第16話 推定Fカップ

「どうかな……これ?」


 水玉模様の水着を試着した桐葉が出てきた。

 清楚な桐葉によく似合っている。ほどよく布面積があって男が見てもドキドキしすぎない。

 

「似合ってるよ。すごくいいと思う」


 出るところは出て、引っ込むところは引っ込んでいる身体。

 肌は陶器のように白くてなめらかそうだ。

 特にその豊かな胸に、目がどうしても吸い寄せられてしまう。

 たぶんあの大きさは、推定Fカップってところか。


 (おいおい。俺は何を考えて――)


 これはもう仕方ない。男とはそういう生き物だ。


「そう……よかったあ」


 と言いながら、顔を赤らめる桐葉。

 ……そんなに顔を赤くしないでほしい。

 かなり恥ずかしくなってしまう。


「……少し待ってて。着替えるから」

「おう。

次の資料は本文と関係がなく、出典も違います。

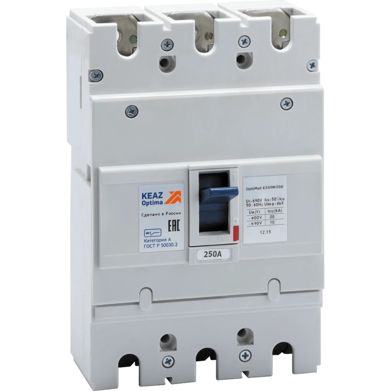Блочный автоматический 3 полюсный выключатель переменного тока с предельной коммутационной способностью при переменном токе 25 кА на номинальный ток 250 А.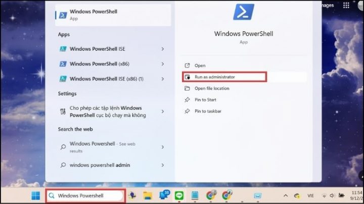Tìm kiếm powershell trong hộp tìm kiếm của Windows 11. Kích chuột phải vào “Windows PowerShell” và chọn “Run as Administrator” (Chạy với quyền Quản trị viên).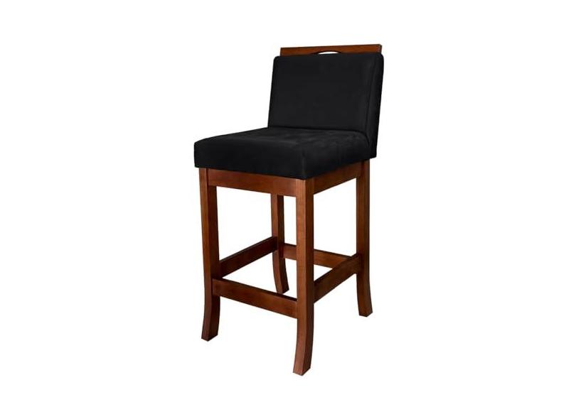 Banqueta Média Estofada para Bancada Turim Madeira Castanho Suede Preto CCS

待ってる……」

 

 俺たちは気恥ずかしくなって、お互いに目線を外した。

 本当なら俊樹が桐葉の水着を選ぶはずなのに……

 なんだか俊樹から桐葉を取ってしまったようで罪悪感を抱く。

 

 (あくまで俺は親友キャラだ……よな?)


 桐葉は俺にとって推しキャラだ。

 ゲームの中で一番好きなキャラ、ということだ。

 しかしそれはあくまでも「キャラとして」好きだったわけで、生きた女の子として好きだったわけじゃない。


「待たせてごめん。この水着買うね」


 桐葉はカウンターへ向かう。

 水玉の水着が俊樹の好みだといいが……


「お客さんの彼女、とってもかわいいですね!」


 横から女性店員が話しかけてきた。

 あ、これ。店員がまだ付き合っていないヒロインを、彼女だと勘違いしてくるイベントか…… 

 エロゲでよくあるやつだ。

 まあ俺は親友キャラだから――


「別に俺の彼女じゃないですよ」

「え? でも、普通、水着を選ぶなんて彼氏さんでは……?」

「いや、まあ、そこは成り行きで……」

「そ、そうですか。なんかすみません」


 選択を間違えて気まずい雰囲気になってしまう。

 早くどこかへ行ってほしいです、店員さん。


「哲彦くん。買ったよ!」

「よし。じゃあ行こうか」


 海イベント。

 平和に終わればいいが……

 嫌な予感がいろいろする俺であった。